**Work instructions**
Up to and including the line that contains "in Videos Halloween", write out every line of the entries exactly, beginning with the first. Omit the pictures.

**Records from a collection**
- Opening Delimiter -

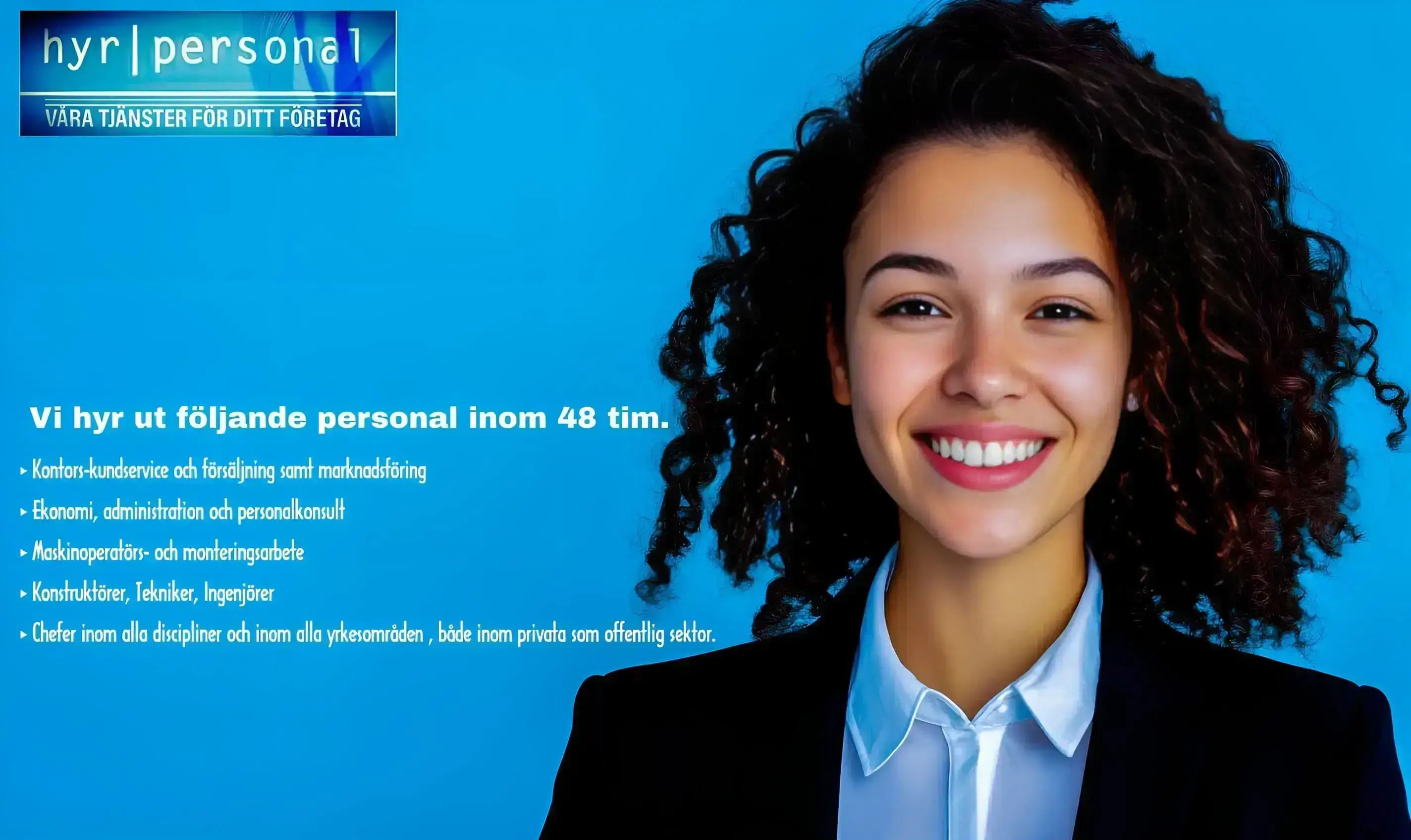 - Hyrpersonal Sverige hyr ut personal för lång och kort tid, akut personalbrist, sjukdom eller vid tillfälliga arbetstoppar. Allt enligt kundens önskemål.
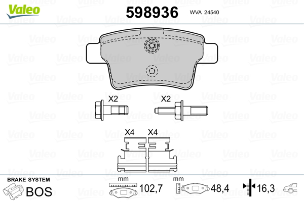 VALEO 598936 - Sada brzdových platničiek, vždy 4 kusy v sade
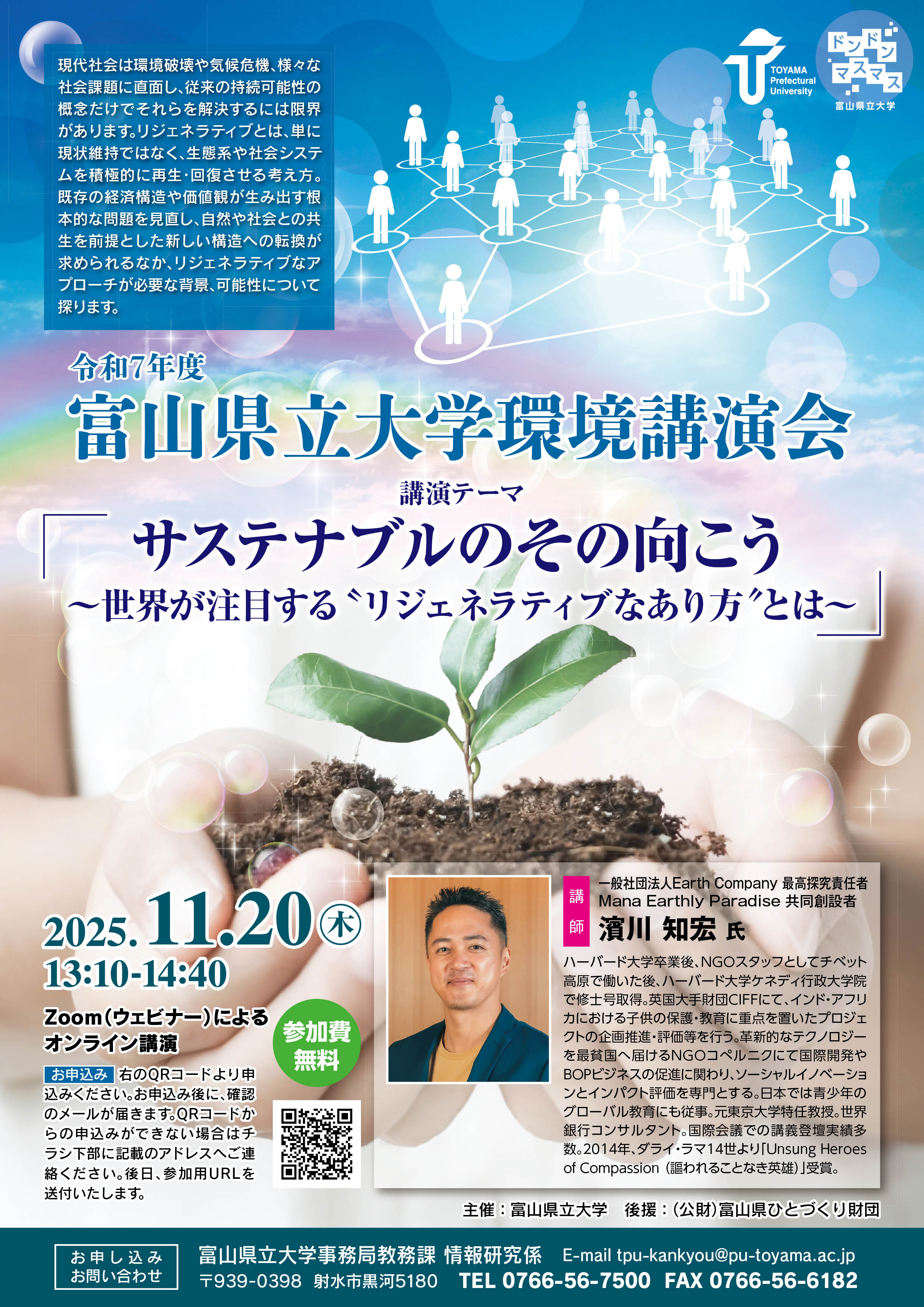 環境問題に対する知識や問題意識を学ぶために、環境分野の専門家を招聘する環境講演会を以下のとおり開催します。
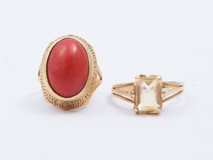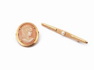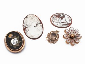pendente cm 4,5x2,5 (5) composto da un pendente in oro giallo 14 kt ed ametista sintetica, una spilla ovale in [..]
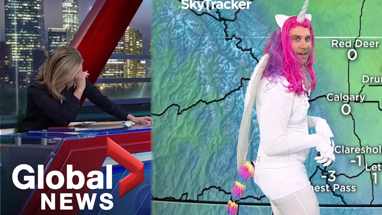in Videos Halloween 2019: News anchors in tears as meteorologist shows up in mystical unicorn costume
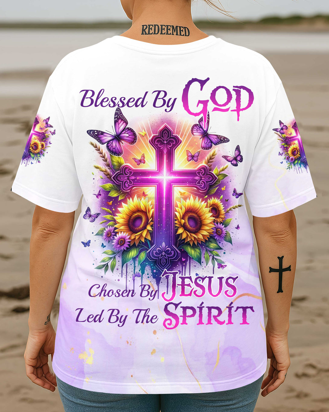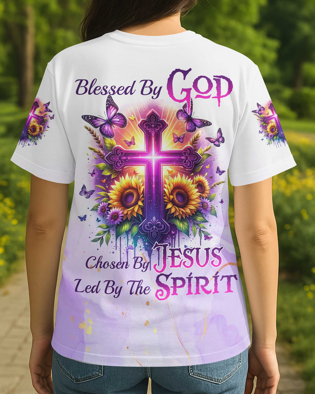 Blessed By God Chosen By Jesus Led By The Spirit All Over Print T-Shirt
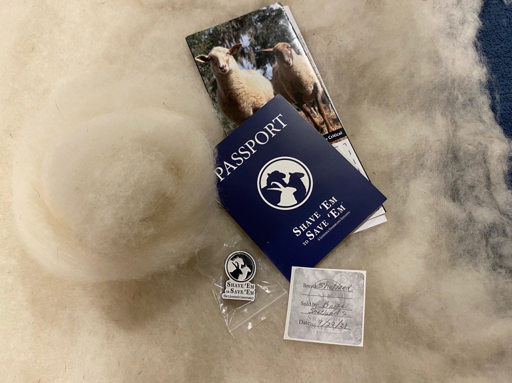 I found some more Texas grown spinning fiber! I was connected to another spinner through our local coffee shop, and she sent me many resources, including the name of a Texas rancher that raises Shetland Sheep (https://baizeshetlands.weebly.com/). Shetland sheep were developed in Scotland to be competition for Italian Merino wool. These sheep are also thriving in the Davis mountains of Texas! I ordered a prepared batt, since I wanted to see how the fiber is supposed to handle before I delve into the raw fleece. In the box with the wool was a passport stamp for the Shave ‘Em to Save ‘Em initiative by the Livestock conservancy. So of course I ordered a passport for my new sticker. There are many breeds of endangered sheep in the passport, and so many opportunities to learn about different wool!
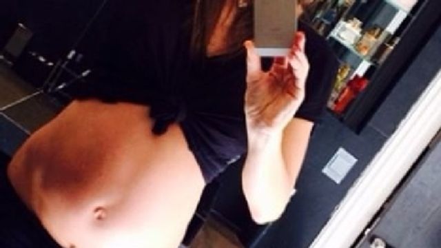 "9 months pregnant. CI Siamo quasi - 12 days !!!! Principessa in arrivo ... Strike the pose", Claudia Galanti mostra il suo pancione nudo, jeans a vita bassa e camicetta legata sotto il seno. La piccola Carolina Sky nascerà il 21 marzo e la modella paraguaiana è sempre più sexy.
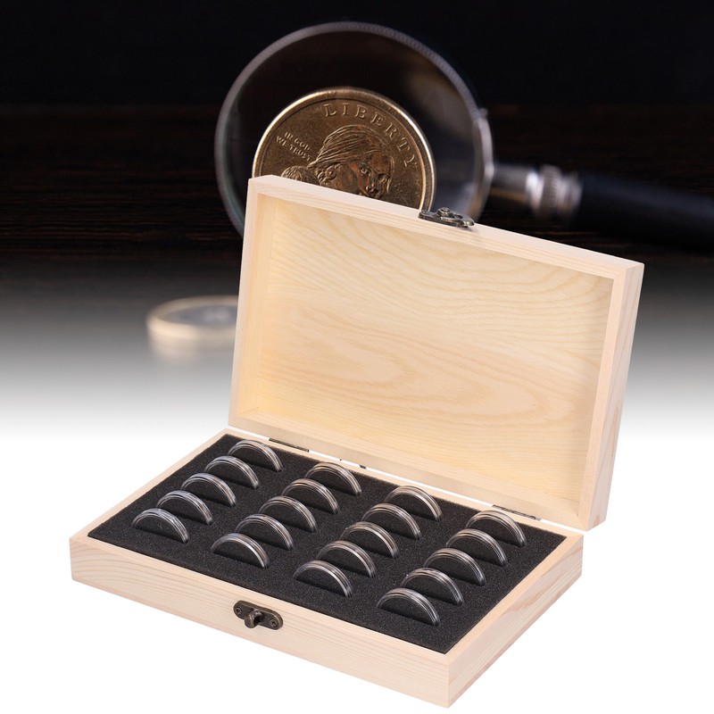 20 Grid Coin Collection Box Wooden Coin Protection Storage Box for Home Office Living Room

- Closing Delimiter -

**Expected answer**
 - Hyrpersonal Sverige hyr ut personal för lång och kort tid, akut personalbrist, sjukdom eller vid tillfälliga arbetstoppar. Allt enligt kundens önskemål.
 VALEO 598936 - Sada brzdových platničiek, vždy 4 kusy v sade
 環境問題に対する知識や問題意識を学ぶために、環境分野の専門家を招聘する環境講演会を以下のとおり開催します。
pendente cm 4,5x2,5 (5) composto da un pendente in oro giallo 14 kt ed ametista sintetica, una spilla ovale in [..]
in Videos Halloween 2019: News anchors in tears as meteorologist shows up in mystical unicorn costume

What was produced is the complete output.